Provided material —
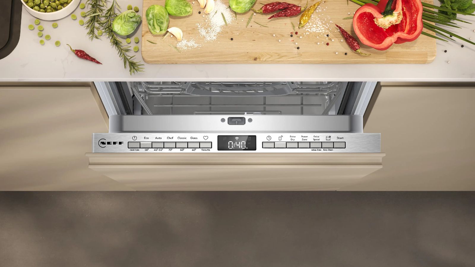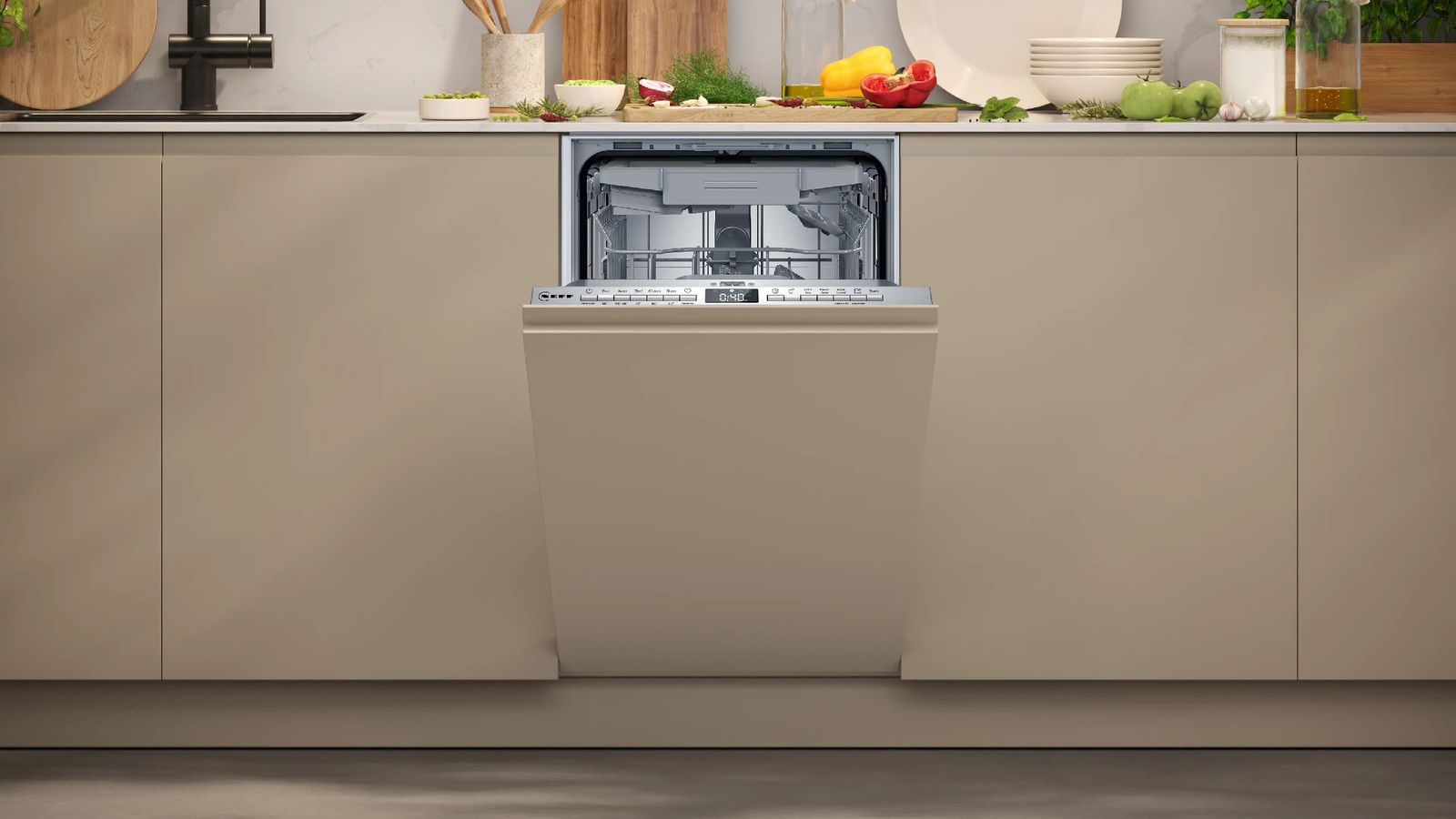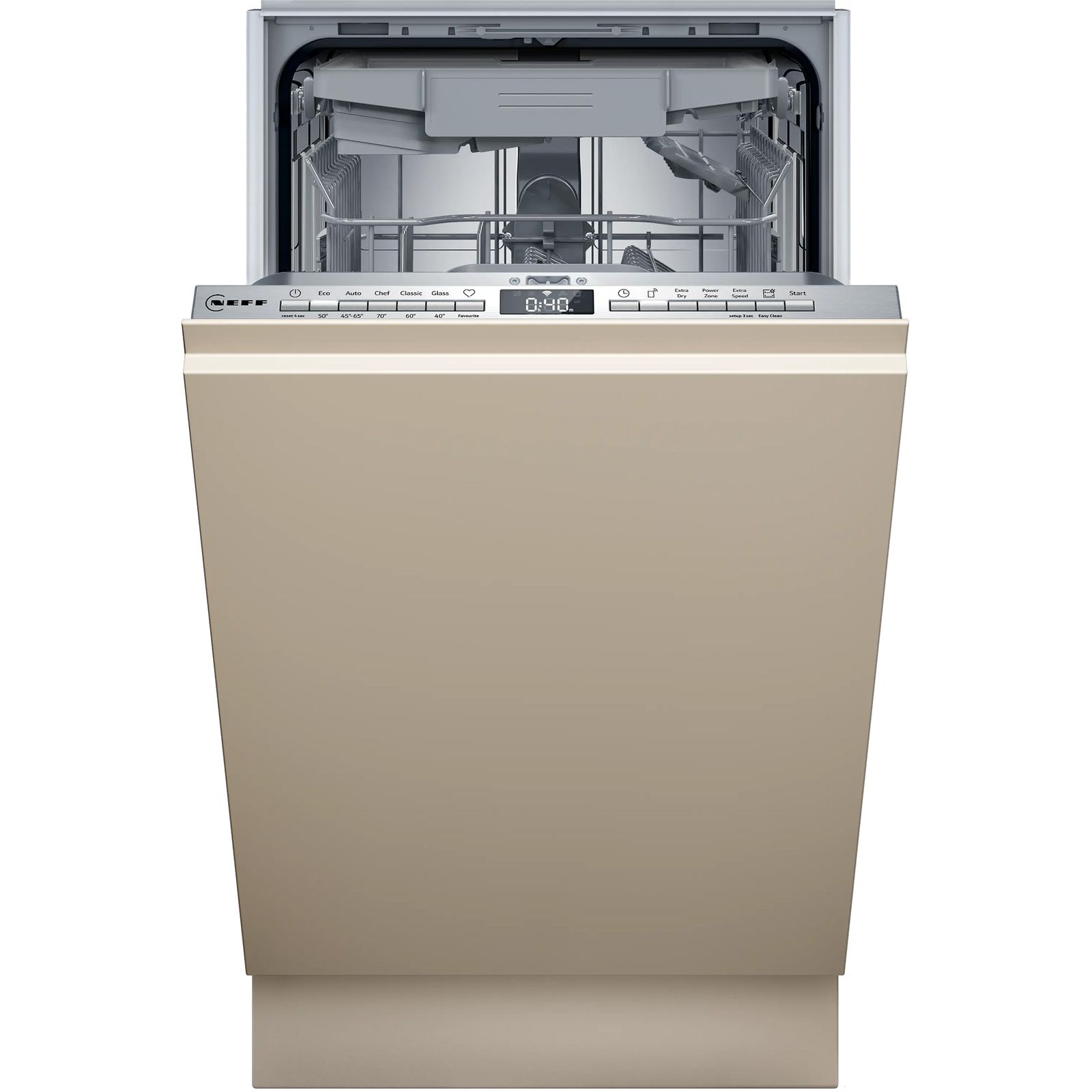 Полностью встраиваемая посудомоечная машина NEFF N 50. Ширина — 45 см. Тип — встраиваемая. Цвет не применим, так как скрывается фасадом мебели.
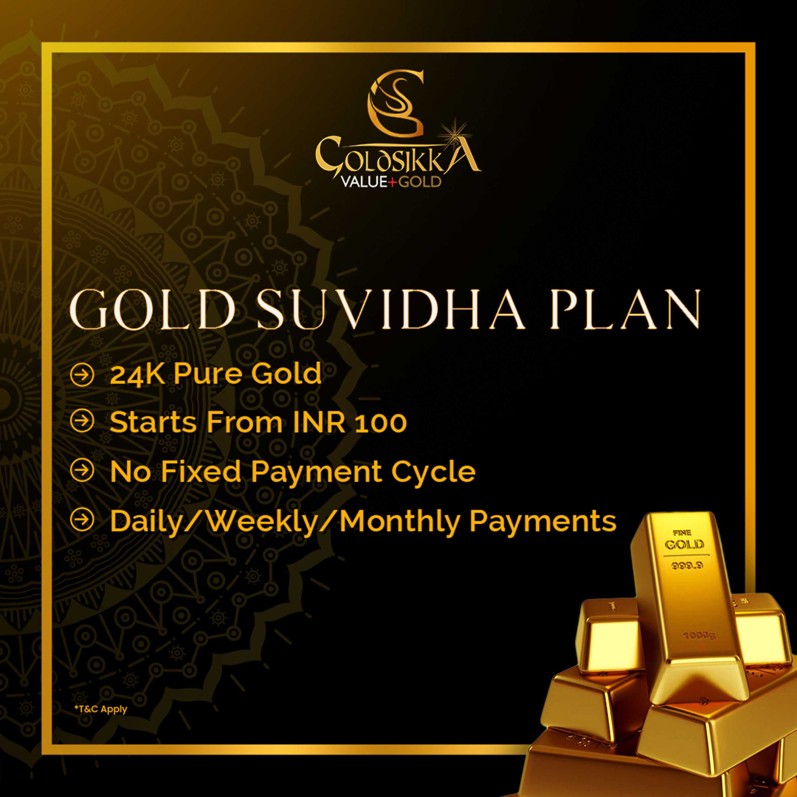 Secure your financial future with Gold Suvidha's top gold scheme. As one of the prominent gold bullion dealers in Hyderabad, Gold Suvidha offers a secure and hassle-free gold saving plan starts from Rs.100. Embrace the brilliance of gold ownership and set a course towards financial security. Discover the worth of saving gold with Gold Suvidha's exceptional scheme.
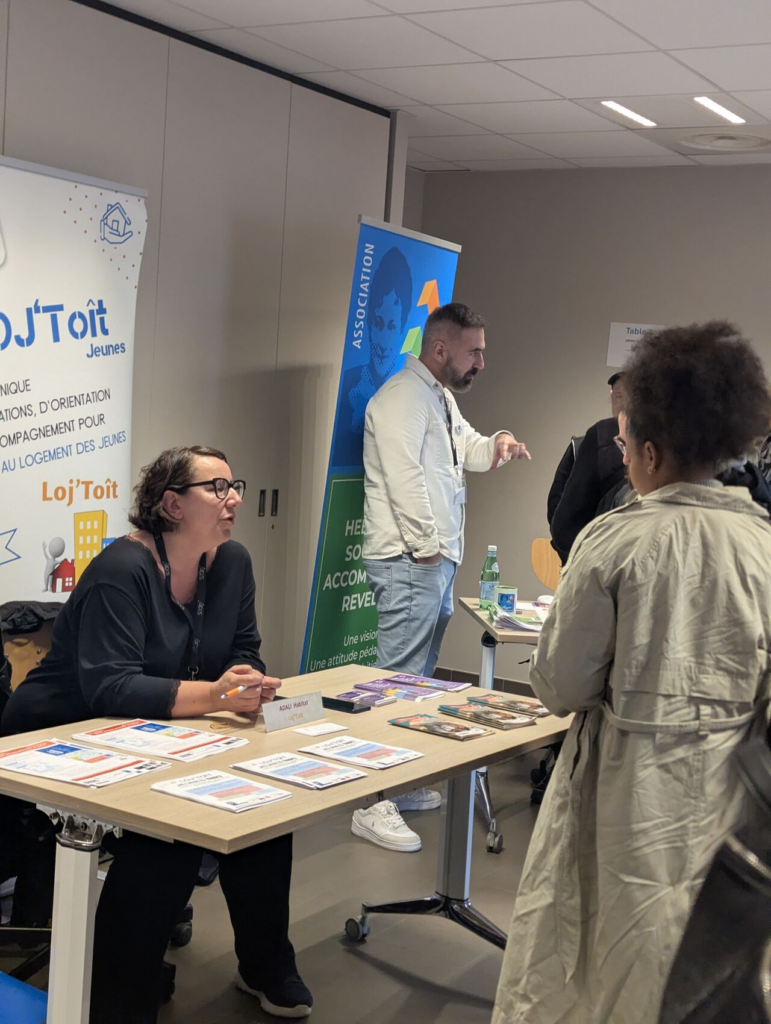 🤝 Nous étions également présents sur le forum avec deux stands dédiés, l’un consacré au FJT, l’autre au dispositif Loj’Toit. Ces temps d’échange nous ont permis de présenter nos outils, de répondre aux questions des partenaires et de rendre plus lisibles nos modalités d’intervention.
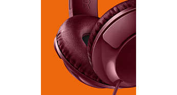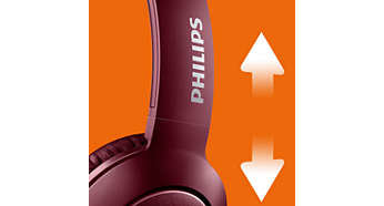 | Opracowane z myślą o optymalnym dopasowaniu Zaprojektowane z myślą o optymalnym dopasowaniu słuchawki BASS+ są wyposażone w obrotowe elementy nauszne i regulowany pałąk na głowę, co pozwala użytkownikowi dokładnie je dopasować. |
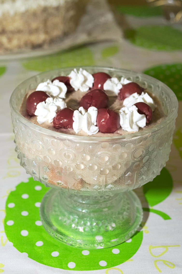 krémmel és gyümölcsökkel. A tetejét díszíthetjük tejszínhabbal és megszórhatjuk kevés karobporral.
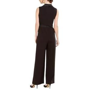 Chic, timeless, and polished — this Vince Camuto tuxedo-style jumpsuit is the perfect blend of elegance and modern edge. The sleeveless design features a satin shawl collar, matching satin waistband, and a gold-tone button accent for a refined finish. Wide-leg silhouette creates a flattering, elongated look.
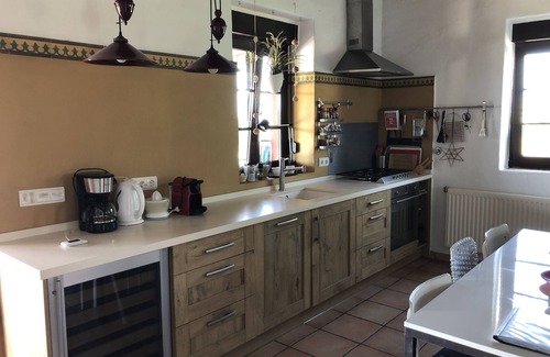 The kitchen with rural look is equipped with a Smeg gas cooker with oven. There is also a microwave oven with grill and all other kitchen utensils such as coffee maker, kettle and blender. The villa has a separate utility room with washer and dryer and large fridge freezer.
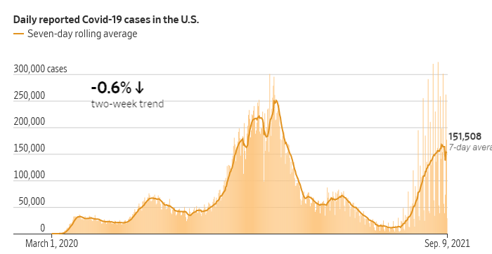 I and others have predicted the Delta variant would peak before fall. We also foretasted the previous variants would peak no later than May. Totaling those vaccinated and naturally immune and factoring in the variant’s ability to spread led to a correct call then, and it appears we’ll be right again. From the Wall Street Journal:
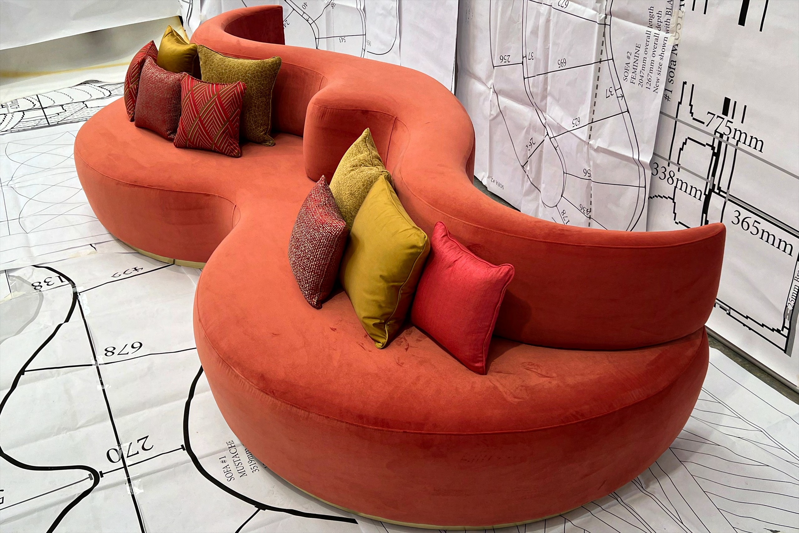 Each luxury curved sofa and custom made modular sofa is custom designed to a premium standard of quality and finish. Dimensions, colour, and finish of our Australian made furniture can all be tailored to your specific requirements, with a wide range of luxurious fabrics or leathers and frame colour options available.
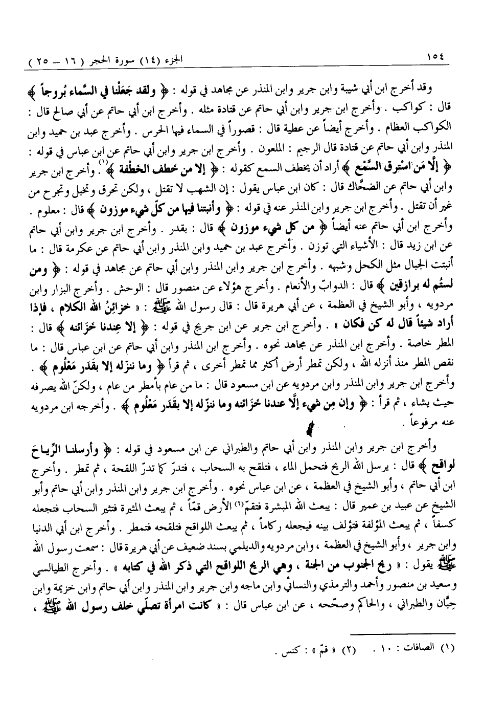 وَأَخْرَجَ ابْنُ أَبِي حَاتِمٍ عَنْهُ أَيْضًا مِنْ كُلِّ شَيْءٍ مَوْزُونٍ قَالَ: بِقَدَرٍ. وَأَخْرَجَ ابْنُ جَرِيرٍ وَابْنُ أَبِي حَاتِمٍ عَنِ ابْنِ زَيْدٍ قَالَ: الْأَشْيَاءُ الَّتِي تُوزَنُ. وَأَخْرَجَ عَبْدُ بْنُ حُمَيْدٍ وَابْنُ الْمُنْذِرِ وَابْنُ أَبِي حَاتِمٍ عَنْ عِكْرِمَةَ قَالَ: مَا أَنْبَتَتِ الْجِبَالُ مِثْلَ الْكُحْلِ وَشِبْهِهِ. وَأَخْرَجَ ابْنُ جَرِيرٍ وَابْنُ الْمُنْذِرِ وَابْنُ أَبِي حَاتِمٍ عَنْ مُجَاهِدٍ فِي قَوْلِهِ: وَمَنْ لَسْتُمْ لَهُ بِرازِقِينَ قَالَ: الدَّوَابُّ وَالْأَنْعَامُ. وَأَخْرَجَ هَؤُلَاءِ عَنْ مَنْصُورٍ قَالَ: الْوَحْشُ. وَأَخْرَجَ الْبَزَّارُ وَابْنُ مَرْدَوَيْهِ، وَأَبُو الشَّيْخِ فِي الْعَظَمَةِ، عَنْ أَبِي هُرَيْرَةَ قَالَ: قَالَ رَسُولُ اللَّهِ صَلَّى اللَّهُ عليه وَسَلَّمَ: «خَزَائِنُ اللَّهِ الْكَلَامُ، فَإِذَا أَرَادَ شَيْئًا قَالَ لَهُ كُنْ فَكَانَ» . وَأَخْرَجَ ابْنُ جَرِيرٍ عَنِ ابْنِ جُرَيْجٍ فِي قَوْلِهِ: إِلَّا عِنْدَنا خَزائِنُهُ قَالَ:
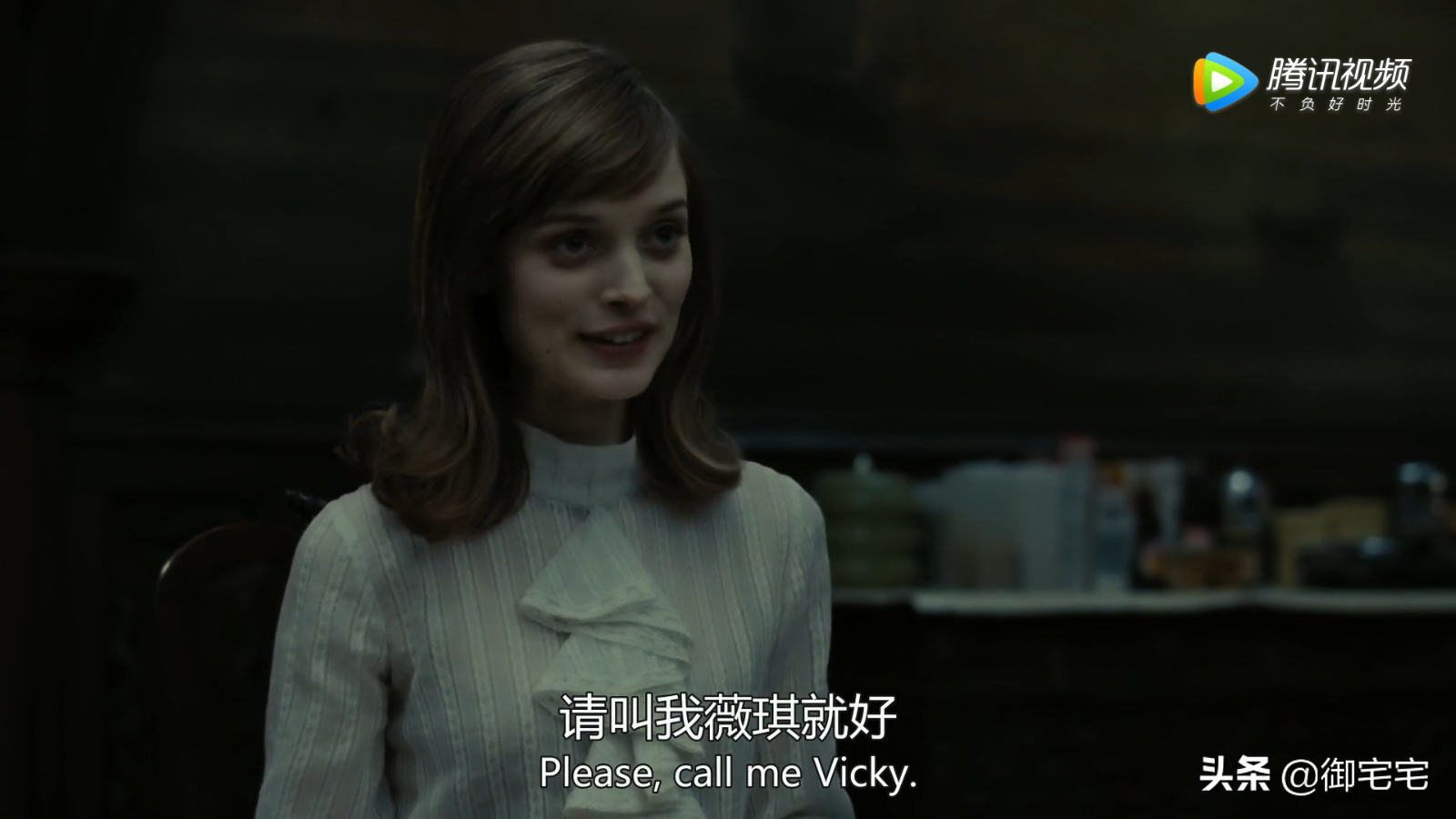 从精神病院逃出来的一位长相酷似乔赛特的年轻女孩,她要去柯林斯庄园应聘当家庭教师,她练习自我介绍时,为自己临时起了一个名字,维多利亚(victoria winters),当被人问起她为何从纽约来到小乡村—此时背景音乐刚好唱到“i can’t say anymore”—她愣了几秒,回答说为了一个故人。
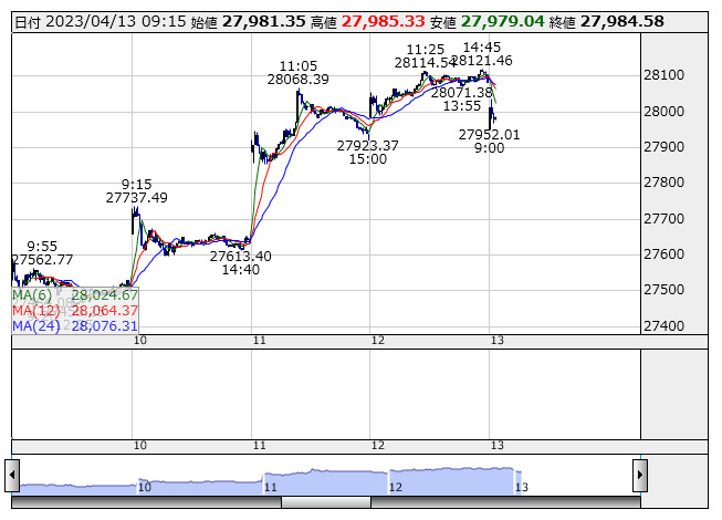 日経平均 <5分足> 売買代金 「株探」多機能チャートより個別ではUBS 欧州株 <1386> 、WisdomTree 銀上場投資信託 <1673> 、NEXT 運輸・物流 <1628> 、NEXT NOMURA原油インデックス連動型上場投信 <1699> 、NEXT 原油ブル <2038> など6銘柄が新高値。NEXT NOTES ドバイ原油先物 ベア ETN <2039> が新安値をつけている。
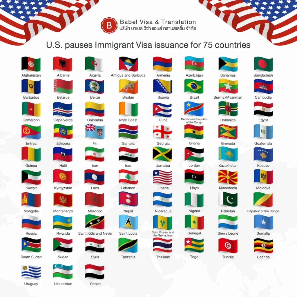 ตามประกาศจากกระทรวงการต่างประเทศสหรัฐอเมริกา ที่แจ้งมาอย่างชัดแจงว่า “กระทรวงการต่างประเทศสหรัฐฯ จะระงับการออกวีซ่าถาวร (Immigrant Visa) สำหรับ 75 ประเทศซึ่งมีผู้อพยพเข้ามาใช้สวัสดิการของชาวอเมริกันในระดับที่เกินกว่าจะยอมรับได้ โดยการระงับนี้จะมีผลต่อไปจนกว่าสหรัฐฯ จะสามารถมั่นใจได้ว่า ผู้อพยพใหม่จะไม่เข้ามาเบียดบังเอาความมั่งคั่งไปจากชาวอเมริกัน” อ้างอิงจาก https://travel.state.gov/content/travel/en/us-visas/visa-information-resources/all-visa-categories.html
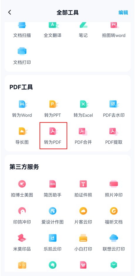 步骤一:安装APP后打开,在【全部工具】中找到【PDF工具】,点击【转为PDF】。

Description of the task —
From the material above, output only the span of lines that starts at the one containing "The kitchen with" and finishes at the one containing "Each luxury curved", word for word and free of pictures.

Result of this exercise —
 The kitchen with rural look is equipped with a Smeg gas cooker with oven. There is also a microwave oven with grill and all other kitchen utensils such as coffee maker, kettle and blender. The villa has a separate utility room with washer and dryer and large fridge freezer.
 I and others have predicted the Delta variant would peak before fall. We also foretasted the previous variants would peak no later than May. Totaling those vaccinated and naturally immune and factoring in the variant’s ability to spread led to a correct call then, and it appears we’ll be right again. From the Wall Street Journal:
 Each luxury curved sofa and custom made modular sofa is custom designed to a premium standard of quality and finish. Dimensions, colour, and finish of our Australian made furniture can all be tailored to your specific requirements, with a wide range of luxurious fabrics or leathers and frame colour options available.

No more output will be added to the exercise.